* [YOUR OBJECTIVE] If pictures appear in the lines below, skip them and copy exactly the lines from the one containing "로밍을 위해 전원을 껐다" through the one containing "A comforting and", and nothing else.

**** TASK INPUTS ****

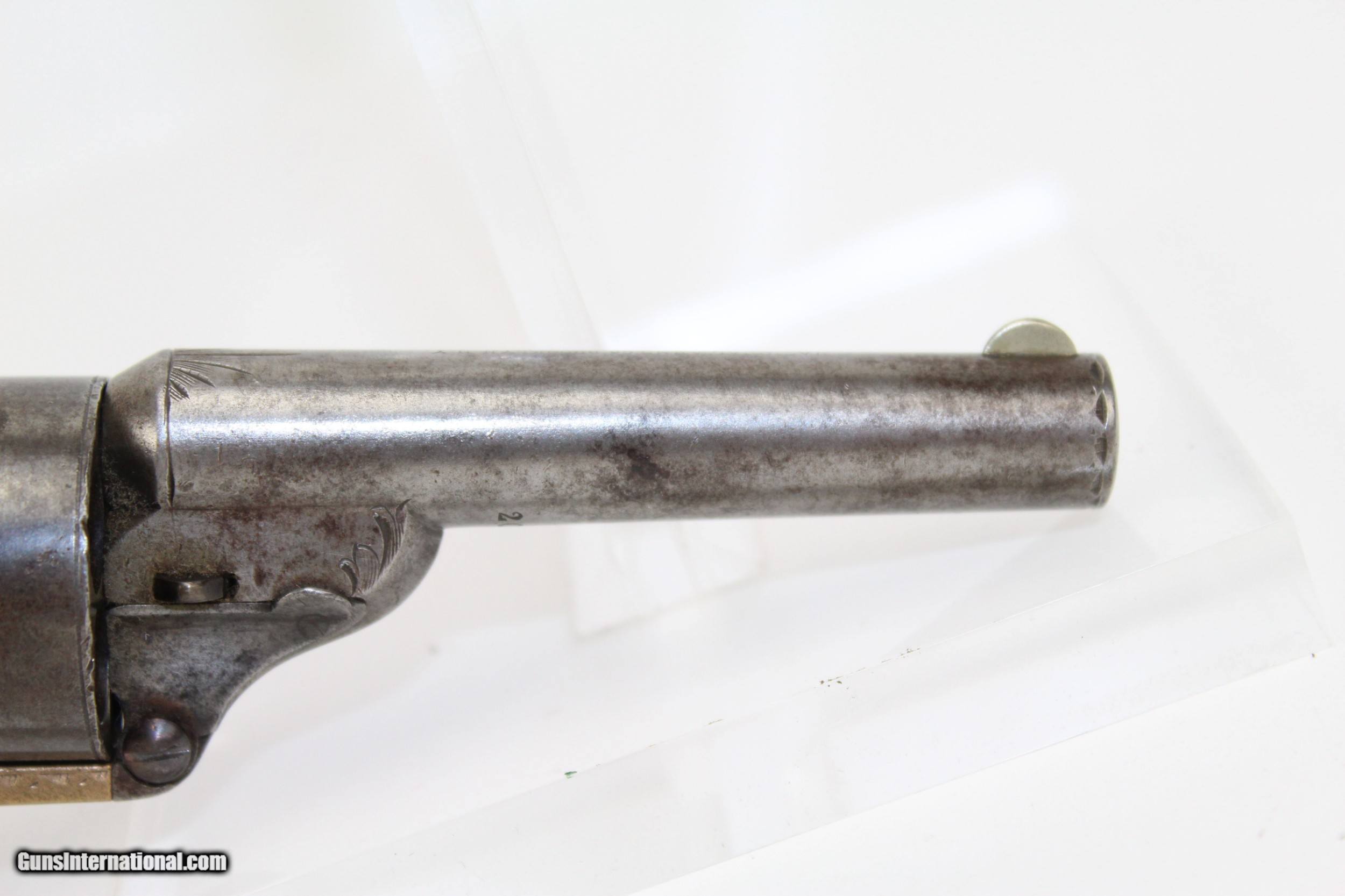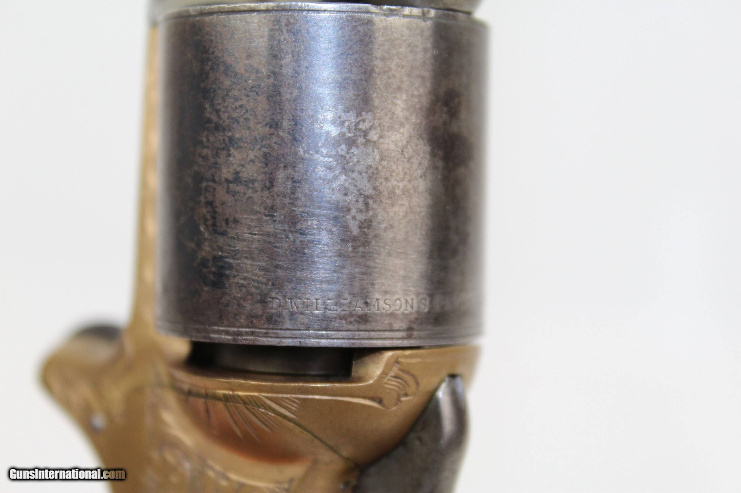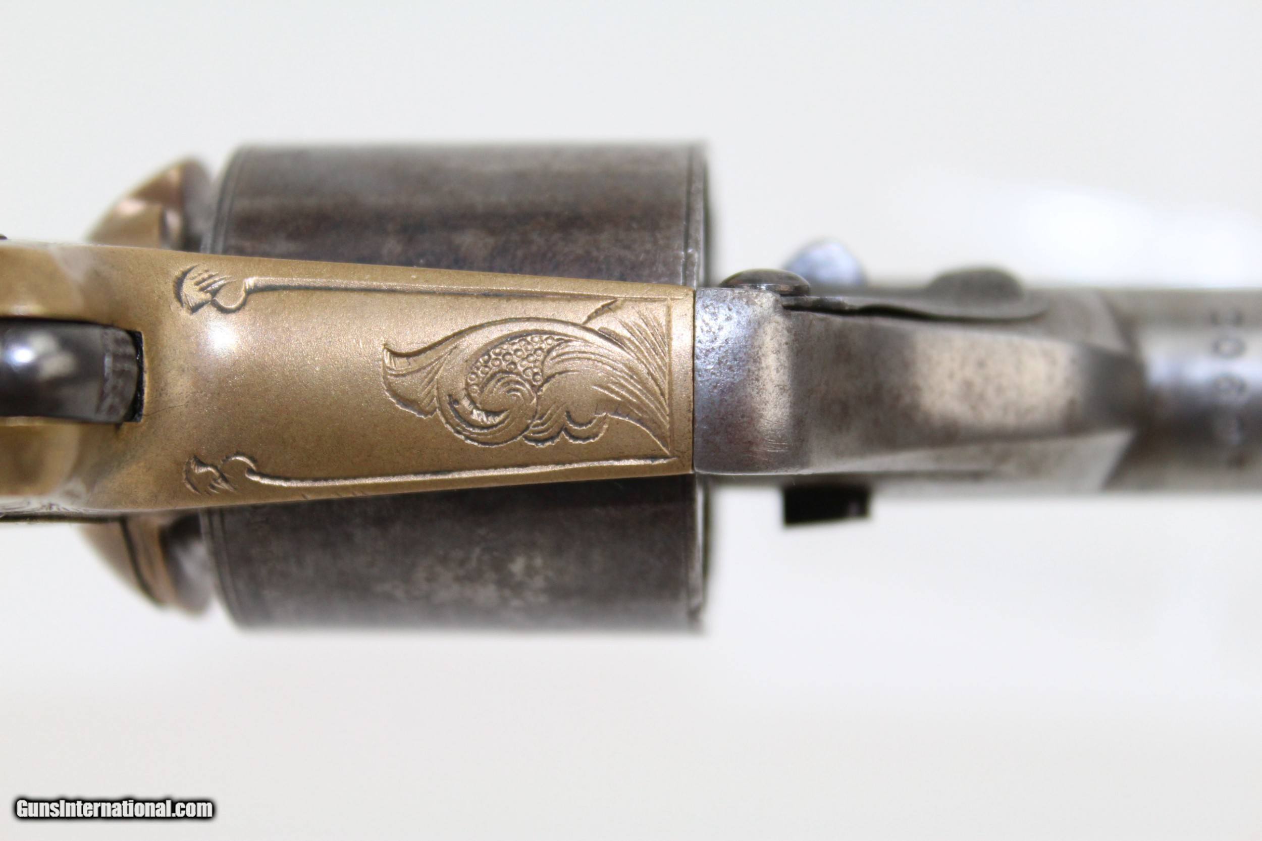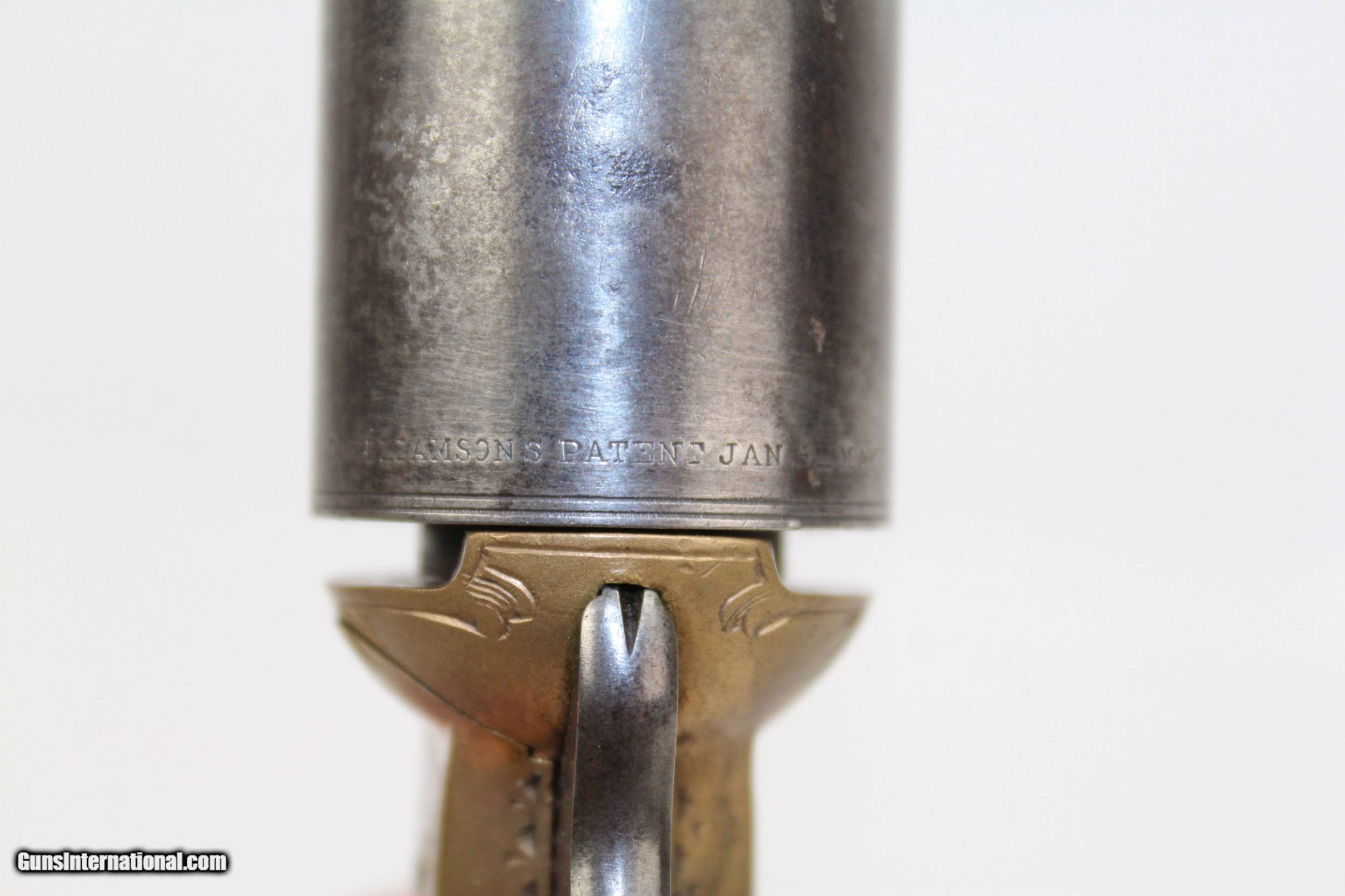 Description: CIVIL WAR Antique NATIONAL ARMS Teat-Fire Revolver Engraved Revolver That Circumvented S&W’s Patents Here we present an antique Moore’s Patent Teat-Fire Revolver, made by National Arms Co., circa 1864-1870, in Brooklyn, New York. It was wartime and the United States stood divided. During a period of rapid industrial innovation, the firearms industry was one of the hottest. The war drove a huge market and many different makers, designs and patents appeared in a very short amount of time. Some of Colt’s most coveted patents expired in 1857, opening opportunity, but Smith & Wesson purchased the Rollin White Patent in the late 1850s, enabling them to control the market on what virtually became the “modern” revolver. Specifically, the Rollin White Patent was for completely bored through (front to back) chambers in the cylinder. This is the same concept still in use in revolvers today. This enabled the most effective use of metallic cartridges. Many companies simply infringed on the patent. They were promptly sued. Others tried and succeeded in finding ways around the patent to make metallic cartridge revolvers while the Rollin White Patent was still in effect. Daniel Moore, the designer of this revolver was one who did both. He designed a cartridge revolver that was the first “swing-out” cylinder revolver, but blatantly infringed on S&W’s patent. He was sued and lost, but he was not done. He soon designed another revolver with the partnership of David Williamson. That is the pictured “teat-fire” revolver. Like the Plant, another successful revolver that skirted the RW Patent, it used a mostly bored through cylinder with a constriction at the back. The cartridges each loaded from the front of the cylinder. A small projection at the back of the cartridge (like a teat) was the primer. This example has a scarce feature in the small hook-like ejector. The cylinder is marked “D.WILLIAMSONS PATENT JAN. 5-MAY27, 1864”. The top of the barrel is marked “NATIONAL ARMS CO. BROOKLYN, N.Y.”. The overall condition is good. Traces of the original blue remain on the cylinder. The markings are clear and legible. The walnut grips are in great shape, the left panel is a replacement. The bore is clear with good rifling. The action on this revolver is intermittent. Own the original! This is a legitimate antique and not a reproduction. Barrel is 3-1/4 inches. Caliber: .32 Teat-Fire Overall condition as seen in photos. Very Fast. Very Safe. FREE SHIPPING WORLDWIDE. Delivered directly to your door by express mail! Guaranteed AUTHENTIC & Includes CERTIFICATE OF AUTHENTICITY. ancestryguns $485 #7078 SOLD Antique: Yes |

****
**** TASK INPUTS ****

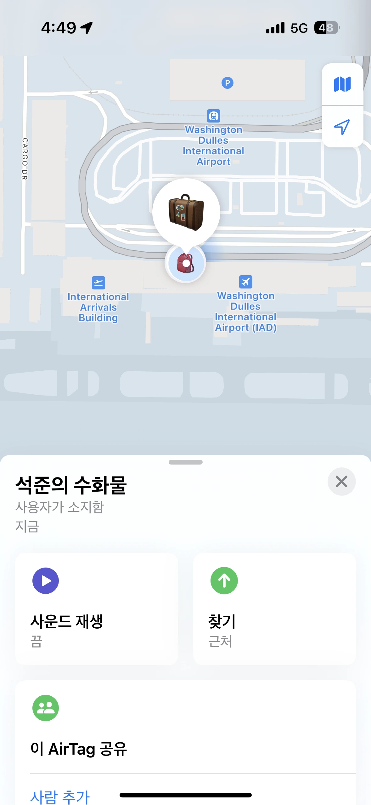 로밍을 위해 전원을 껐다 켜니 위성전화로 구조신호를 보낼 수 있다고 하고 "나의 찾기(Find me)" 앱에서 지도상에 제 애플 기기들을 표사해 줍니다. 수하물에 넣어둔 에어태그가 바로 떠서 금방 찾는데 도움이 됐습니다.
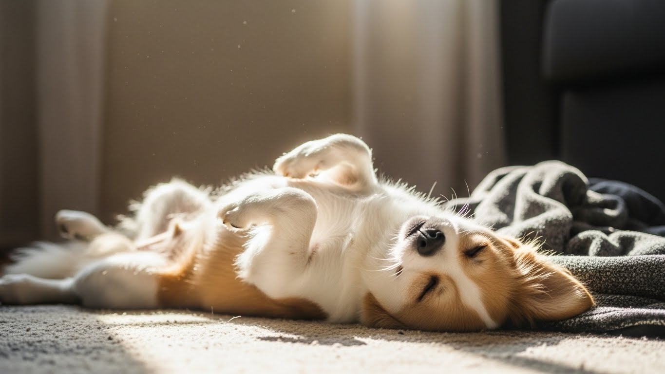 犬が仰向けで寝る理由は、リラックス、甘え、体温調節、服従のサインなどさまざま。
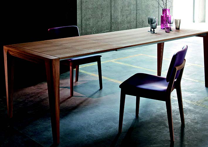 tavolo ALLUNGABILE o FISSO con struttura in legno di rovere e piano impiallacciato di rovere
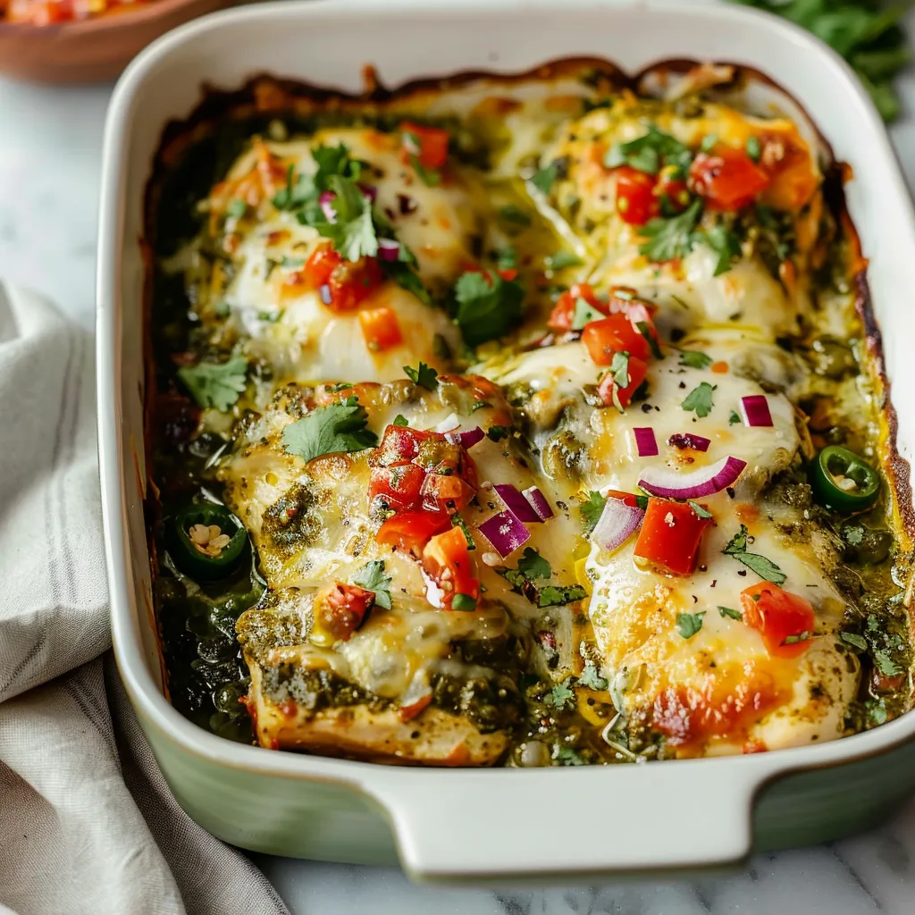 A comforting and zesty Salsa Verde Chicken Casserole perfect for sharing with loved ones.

****
**** TASK INPUTS ****

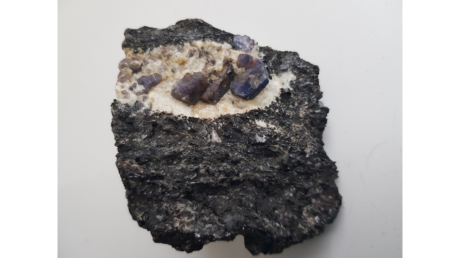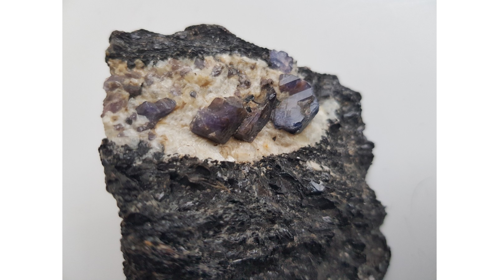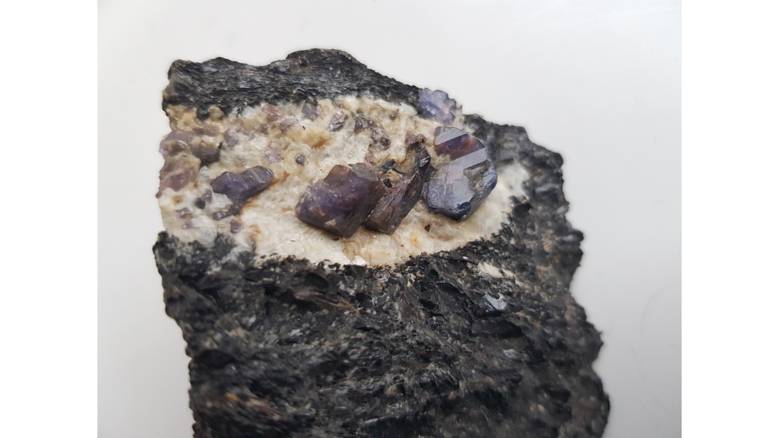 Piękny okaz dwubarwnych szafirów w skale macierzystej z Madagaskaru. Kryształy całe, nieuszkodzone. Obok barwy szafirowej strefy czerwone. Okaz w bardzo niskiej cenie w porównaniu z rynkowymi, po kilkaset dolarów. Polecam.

****

* [SOLUTION TO THE PROBLEM]
 로밍을 위해 전원을 껐다 켜니 위성전화로 구조신호를 보낼 수 있다고 하고 "나의 찾기(Find me)" 앱에서 지도상에 제 애플 기기들을 표사해 줍니다. 수하물에 넣어둔 에어태그가 바로 떠서 금방 찾는데 도움이 됐습니다.
 犬が仰向けで寝る理由は、リラックス、甘え、体温調節、服従のサインなどさまざま。
 tavolo ALLUNGABILE o FISSO con struttura in legno di rovere e piano impiallacciato di rovere
 A comforting and zesty Salsa Verde Chicken Casserole perfect for sharing with loved ones.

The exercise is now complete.